I’ll try and get a peek at your hjt a little later

what are these

C:\Program Files\Internet Content Filter\SafeEyes.exe

C:\Program Files\Spontania Video Collaboration\SpontaniaVideoCollaboration.exe

can you uninstall this one or make it not start ask toolbar
R3 - URLSearchHook: (no name) - {9CB65206-89C4-402c-BA80-02D8C59F9B1D} - C:\Program Files\AskTBar\SrchAstt\1.bin\A5SRCHAS.DLL

this may go away or we may fix it
O2 - BHO: (no name) - {7E853D72-626A-48EC-A868-BA8D5E23E045} - (no file)
It may have been Windows live messenger if it was it is just as well gone- did you REMOVE MSN messenger?

what is this?
O4 - HKLM..\Run: [Monitor] C:\WINDOWS\PixArt\PAC207\Monitor.exe

O4 - HKLM..\Run: [MSN Messenger Mutex] msnstartup.exe

O4 - HKCU..\Run: [kamsoft] C:\WINDOWS\system32\ckvo.exe

HKUS\S-1-5-18..\RunOnce: [KeyScrambler] C:\Program Files\KeyScrambler\getting_started.html (User ‘SYSTEM’)

LSP errors
Check your system with
LSPFix from Cexx.org. These entry should not be fixed with HJT!
Your best bet to repair it is to try the LSPFix from Cexx.org.

what’s this?
O23 - Service: Application Layer Gateway Service (ALG) - Unknown owner - C:\Program Files\ProtectService\ProtectService.exe

have the girls google anything they are not familiar with (just look at reliable sites)
let me know what you find
I’ll dbl check anything left after the antimalware scanns mentioned


What is SafeEyes …

from http://www.spyany.com/files/SafeEyes_exe.html :

SafeEyes.exe is the main executable for Internet Content Filter software, which enables you to block unwanted contents from being displayed.

A little more info here :

http://www.processlibrary.com/directory/files/safeeyes

http://www.whatsrunning.net/whatsrunning/QueryProcessID.aspx?Process=10485

What is SpontaniaVideoCollaboration …

http://www.prevx.com/filenames/1171926210008894659-0/SPONTANIAVIDEOCOLLABORATION.EXE.html

http://www.runscanner.net/filelibrary/spontaniavideocollaboration.exe.html

This one …

O4 - HKLM..\Run: [Monitor] C:\WINDOWS\PixArt\PAC207\Monitor.exe

… belongs to Microsoft and is used to monitor hardware components for performance bottlenecks.

This one is bad …

O4 - HKCU..\Run: [kamsoft] C:\WINDOWS\system32\ckvo.exe

Info on ckvo.exe …

http://www.prevx.com/filenames/1945005718982325452-X1/CKVO.EXE.html

http://www.bleepingcomputer.com/startups/ckvo.exe-23750.html

http://www.threatexpert.com/files/ckvo.exe.html

What is Keyscrambler …

This encrypts keystrokes to defeat keylogers.

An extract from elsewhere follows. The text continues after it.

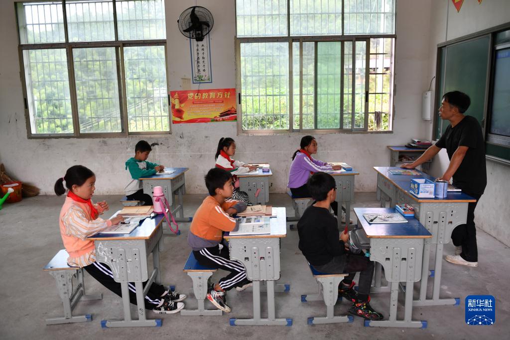 學(xué)校的主心骨是1985年就來(lái)這里任教的校長(cháng)段同山,曾經(jīng)最困難的時(shí)候只有他一個(gè)老師和十幾個(gè)學(xué)生。如今曾在報木小學(xué)就讀、大學(xué)畢業(yè)后回來(lái)任教的劉鳳英,和今年剛從師范學(xué)校畢業(yè)的“00后”羅瀟一起采用復式教學(xué)的形式,為45個(gè)學(xué)生開(kāi)展日常教學(xué)、文娛活動(dòng)等。

http://www.qfxsoftware.com/

This one seems to be related to a FaceBook trojan …

O23 - Service: Application Layer Gateway Service (ALG) - Unknown owner - C:\Program Files\ProtectService\ProtectService.exe

http://g.s.scandoo.com/search?hl=en&q=ProtectService.exe&btnG=Search

I hope this helps.


Safe Eyes=parental control
http://www.internetsafety.com/safe-eyes-parental-control-software.php

The 010 lines are valid and belong to this program also.

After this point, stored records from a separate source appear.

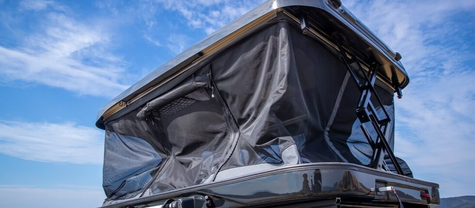 Electronics are hooked up via Anderson connectors to power the lights, fans, and actuators of its ARB Smartfold hinge technology. The Altitude is constructed out of fiberglass and a lightweight aluminum frame. Its aerodynamic form factor reduces wind noises and drag. If the standard package is not enough, optional accessories are available to kit out your rooftop tent.
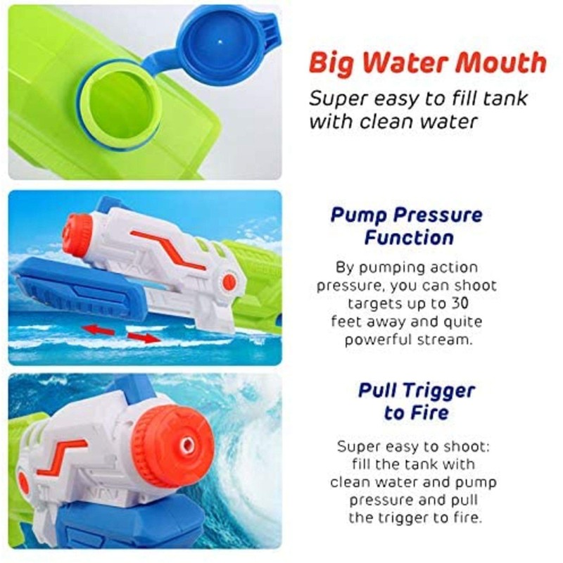 - HIGH CAPACITY BLAST: Our water blaster gun holds up to 1200cc of water, allowing you to drench your opponents with ease. The high-pressure pump design enables you to easily shoot water up to 30 feet, making it the perfect pool party toy or beach toy for kids for hot summer parties and outdoor playtime.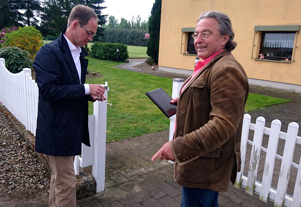 Tatsächlich kam Krause auch nicht selbst zur Übergabe am Montag, sondern sein Rechtsvertreter: Peter-Michael Diestel, der ja nicht weit weg in Zislow wohnt. Nach kurzer Begrüßung übergab Diestel dem Anwalt der Unternehmerfamilie Szustak – Arne Trimpop die Schlüssel, danach gingen beide ins Haus, um den Zustand zu kontrollieren und Absprachen zu treffen. Nach einer ersten Prüfung versicherte Trimpop, dass das Haus in einem ordnungsgemäßen Zustand sei und auch die Inneneinrichtung.

I’m not sure if I’d be running Facebook from the Trusted Zone. This zone has lower security settings.

thanks oldman
let’s see what the general purposes scanners remove before trying point by point removals
This system needs some work
and some of it can/t be done by HJT without leaving tons of garbage

I just spent some time on my brothers Vista Laptop
all the dual core and memory wasted
98SE even with SSM Avast and Counterspy (or Spyware Doctor) is more responsive

Here we have the system scan information through the hjt log file txt presented above.
What could be observed is that there seems not an active software firewall to be running, why is this?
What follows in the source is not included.